Exercise
Instruction for the entries below: return the part that opens with the line containing "Иновативна арт инсталация, създадена" and closes with the line containing "Woman, van and", exactly, and no pictures.

[Input material Boundary: Start]

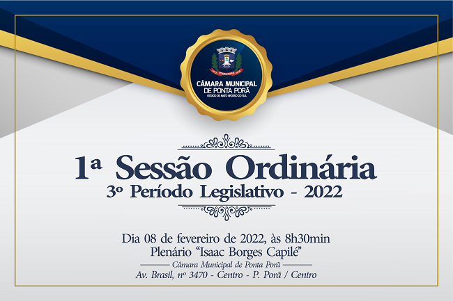 O presidente da Câmara Municipal de Ponta Porã, Vanderlei Avelino e demais vereadores convidam toda a população para participar da primeira sessão ordinária do ano marcada para esta terça-feira, 08 de fevereiro, às 8h30min no Plenário Isaac Borges Capilé.
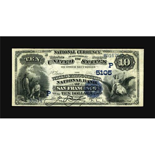 <B>San Francisco, CA</B></I> - $10 1882 Date Back Fr. 545 <B>Wells-Fargo Nevada NB</B></I> Ch. # (P)5105<BR> The paper is crisp and the inks dark on this pleasing issue with a popular title. <B>Very Fine-Extremely Fine</B></I><BR><BR><b>Shipping:</b> Coins & Currency (<a target="_blank" href="http://www.heritageauctions.com/common/shipping.php">view shipping information</a>)
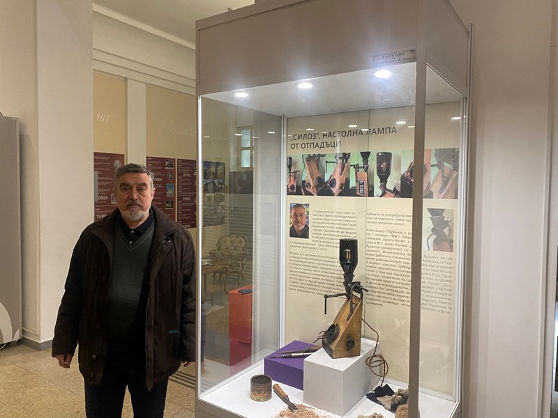 Иновативна арт инсталация, създадена от рециклирани материали, краси фоайето на Регионалния исторически музей в Русе. Творбата "Силоз", дело на артиста Александър Първанов, представлява функционална настолна лампа, изработена от привидно несъвместими елементи.
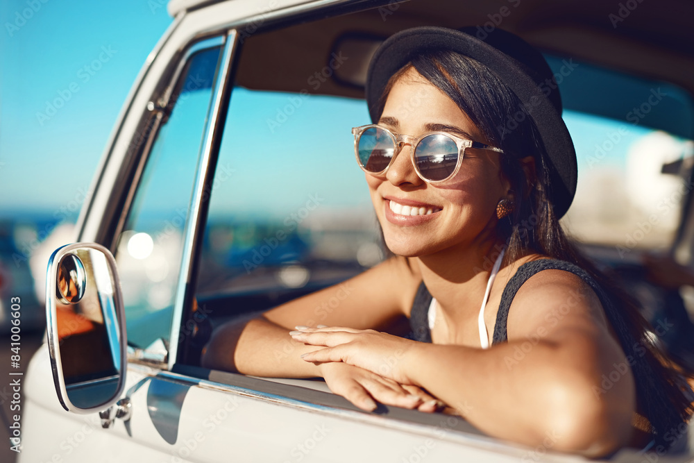 Woman, van and road trip or window resting, friends and fun adventure for summer vacation together in transport. Travel, happy and smile for journey on weekend break, driving and relax in vehicle
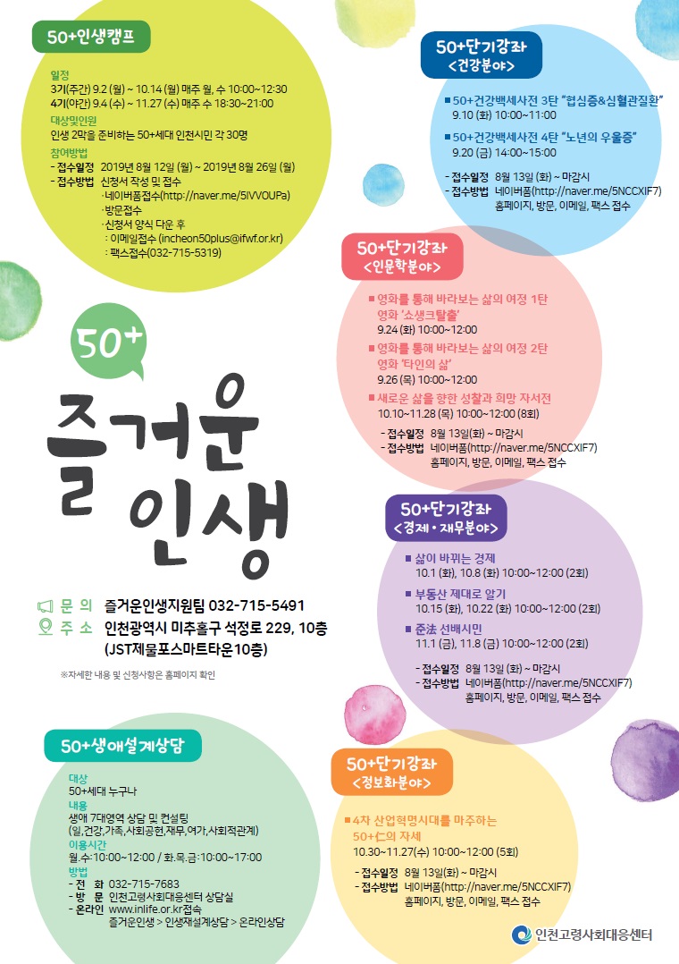 인천고령사회대응센터에서는 인천시 예비노인 세대들이 삶의 전환점에서 미래비전을 모색하고 새로운 관계망을 형성하여 안정적인 노후를 맞이할 수 있도록 지원하고자 2019년 하반기 50+인생캠프를 진행하고자 하오니 관심있는 분들의 많은 참여 바랍니다.
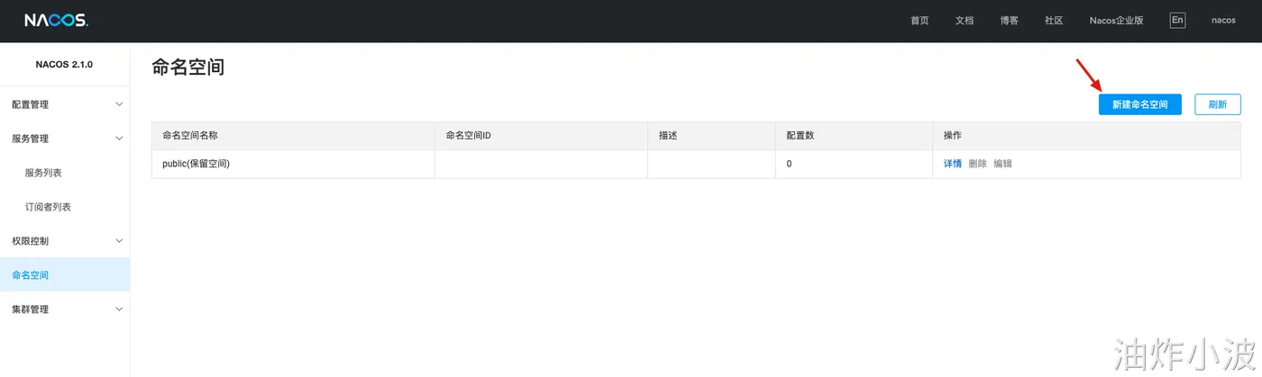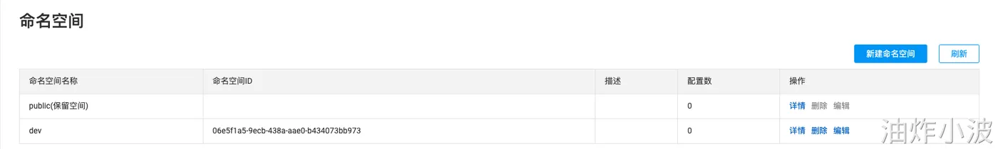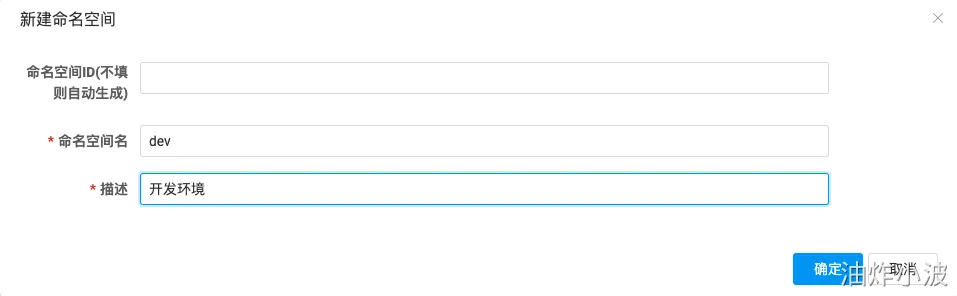 日常开发过程中,我们一般会有dev、test、poc、prod等多个环境,同一个服务不同环境之间因存在代码不一致问题肯定需要做隔离调度,Nacos通过namespace解决此问题,配置页面如下,我们新增一个dev:
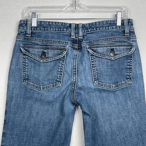 ANN TAYLOR Modern Fit Jeans Lindsay Waist Bootcut Low Rise Jeans Size 6, Medium Wash, Back Snap Pockets. Beautiful color and shading
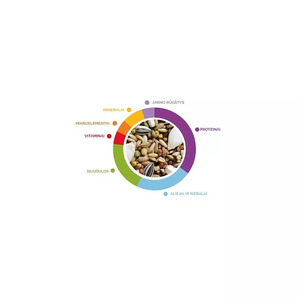 Kiekviena lesalo porcija yra tikras vitaminų ir mineralų lobynas. Vitaminai A, D3, E padeda palaikyti regėjimą, kaulų sveikatą ir stiprina organizmo apsaugines funkcijas. Geležis, jodas, varis, cinkas ir selenas atlieka svarbias funkcijas organizme, skatindami tinkamą medžiagų apykaitą ir bendrą gyvybingumą. Pridėta DL-metionino ir L-lizino amino rūgščių palaiko baltymų sintezę ir skatina sveiką plunksnų augimą, užtikrinant jūsų paukščio nepriekaištingą išvaizdą.
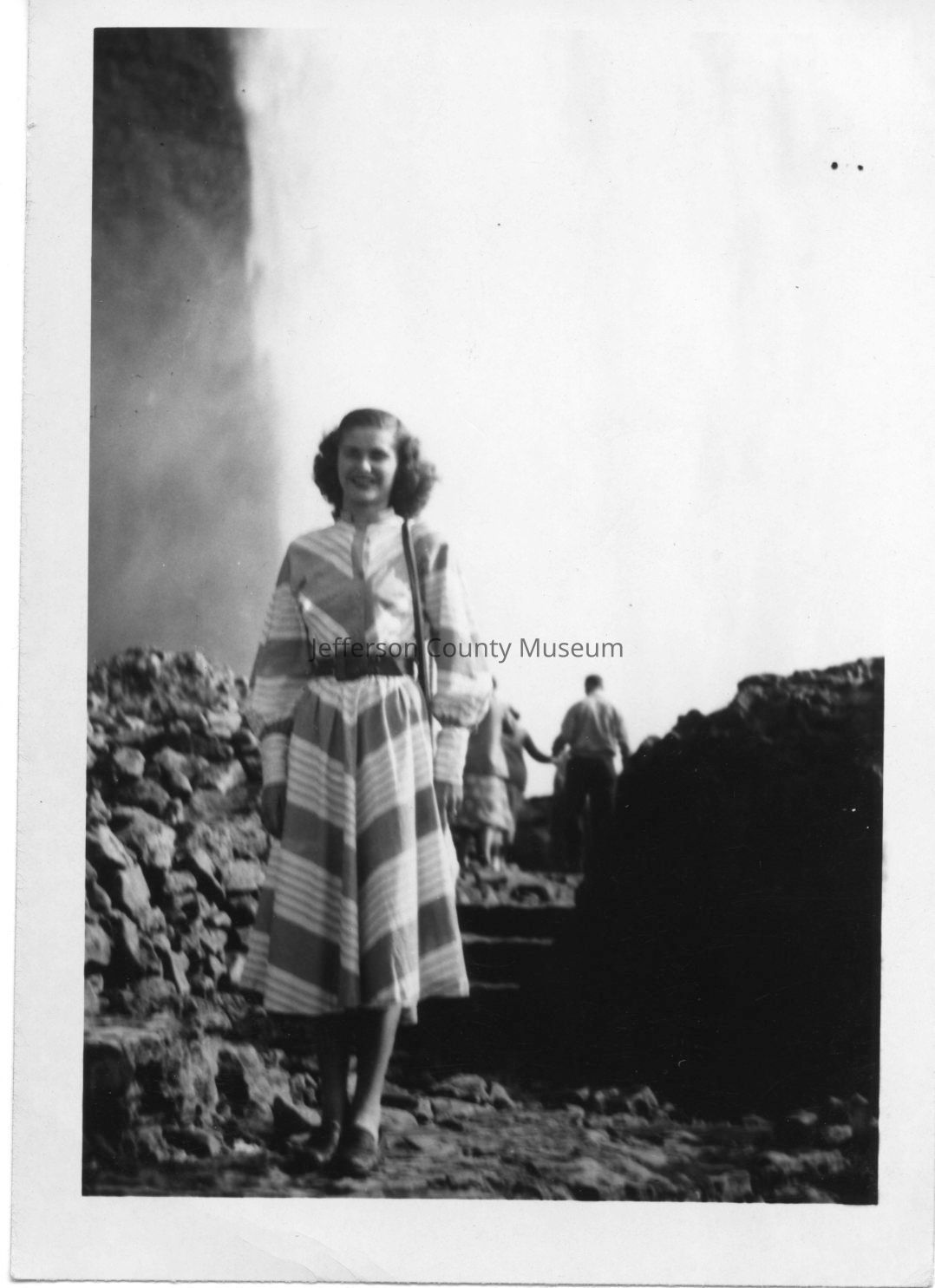 Undated photo of M.L.M.S., wearing a chevron-striped dress and standing by what appear to be rocky outcroppings
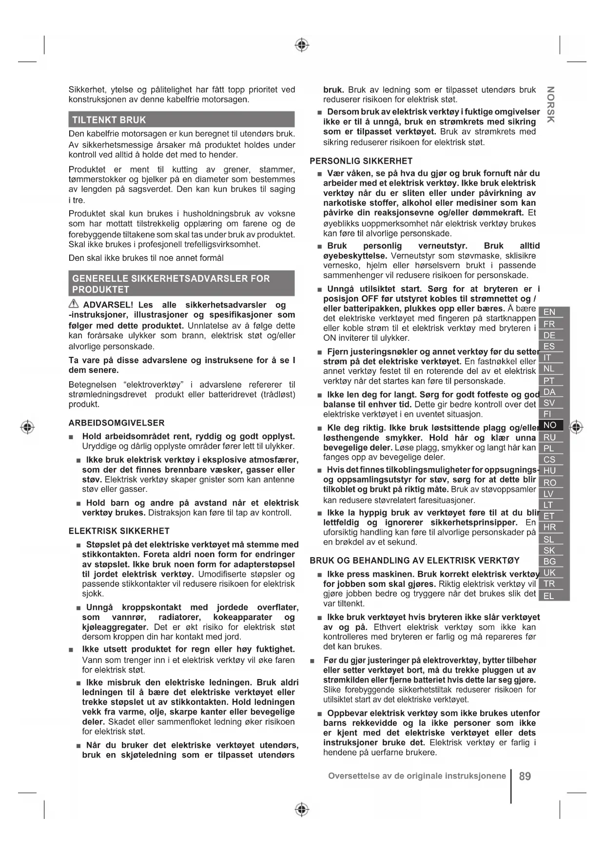 MOTORSAG ■ Hold alle kroppsdelene unna kjedesagen når kjedesagen er i gang. Før du starter kjedesagen, påse at sagen ikke er i kontakt med noe. Et øyeblikk med uoppmerksomhet når du bruker kjedesagen kan føre til at klærne eller kroppen blir klemt inn i sagens kjede. ■ Hold kjedesagen alltid med høyre hånd på bakhåndtaket og venstre hånd på fremre håndtak. Hvis man holder kjedesagen omvendt, øker risikoen for personskade og det bør derfor aldri gjøres. ■ Motorsagen skal bare holdes i de isolerte grepsoverflatene, ettersom sagkjeden kan komme i kontakt med skjulte kabler eller sin egen ledning. Sagkjeder som kommer i kontakt med en strømførende ledning kan gjøre eksponerte metalldeler på motorsagen strømførende og gi operatøren et elektrisk støt. ■ Bruk øyebeskyttelse Det anbefales ytterligere verneutstyr for hørsel, hode hender, ben og føtter. Egnet verneutstyr vil redusere personskade på grunn av flyvende avfall eller utilsiktet kontakt med sagkjeden. ■ Motorsagen skal ikke brukes i et tre, på en stige, fra et hustak eller en eventuell ustabil støtte. Drift av en motorsag på denne måte kan føre til alvorlige personskader. ■ Stå alltid stødig og bruk kjedesagen kun når du står på en fast, sikker og jevn overflate. Glatte eller ustabile overflater kan forårsake tap av balanse eller kontroll over motorsagen. ■ Når du kutter en gren som er under spenning, vær oppmerksom på at det kan sprette tilbake. Når spenningen i trefibrene slippes, kan den fjærbelastede grenen sprette tilbake på operatøren og/eller slenge kjedesagen ut av kontroll. ■ Vær ekstremt forsiktig når du kutter busker og skudd. Slikt tynt materiale kan hekte seg fast i kjede og bli slengt mot deg eller dra deg ut av balanse. ■ Bær kjedesagen ved å holde i fronthåndtaket ved at kjedesagen er skrudd av og alltid unna kroppen. Når du skal transportere eller lagre kjedesagen, sett alltid på dekselet. Riktig håndtering av kjedesagen vil redusere sannsynligheten for utilsiktet kontakt med kjedesagen som er i bevegelse. ■ Følg anvisningene for smøring, kjedestramming og utskiftning av stang og kjede. Et feilstrammet eller feilsmurt kjede kan sprekke eller øke faren for kickback. ■ Kun til trekutting. Ikke bruk kjedesagen for annet enn tilsiktet bruk. For eksempel: ikke bruk motorsagen til å kappe metall, plast, murverk eller byggmaterialer som ikke er av tre. Bruk av kjedesagen for arbeider som avviker fra de tilsiktede, kan føre til farlige situasjoner. ■ Ikke gjør forsøk på å felle et tre inntil du har en forståelse over risikoene og hvordan du unngår disse. Det kan oppstå alvorlige personskader på operatøren eller tilstedeværende ved felling av et tre. ■ Følg alle instruksjoner ved fjerning av fastkjørt materiale, oppbevaring eller service på motorsagen. Se til at bryteren er av og at batteripakken er fjernet. Uventet aktivering av motorsagen under fjerning av fastkjørt materiale eller service kan føre til alvorlig personskade.NORSK

[Input material Boundary: End]

Output for this exercise
 Иновативна арт инсталация, създадена от рециклирани материали, краси фоайето на Регионалния исторически музей в Русе. Творбата "Силоз", дело на артиста Александър Първанов, представлява функционална настолна лампа, изработена от привидно несъвместими елементи.
 Woman, van and road trip or window resting, friends and fun adventure for summer vacation together in transport. Travel, happy and smile for journey on weekend break, driving and relax in vehicle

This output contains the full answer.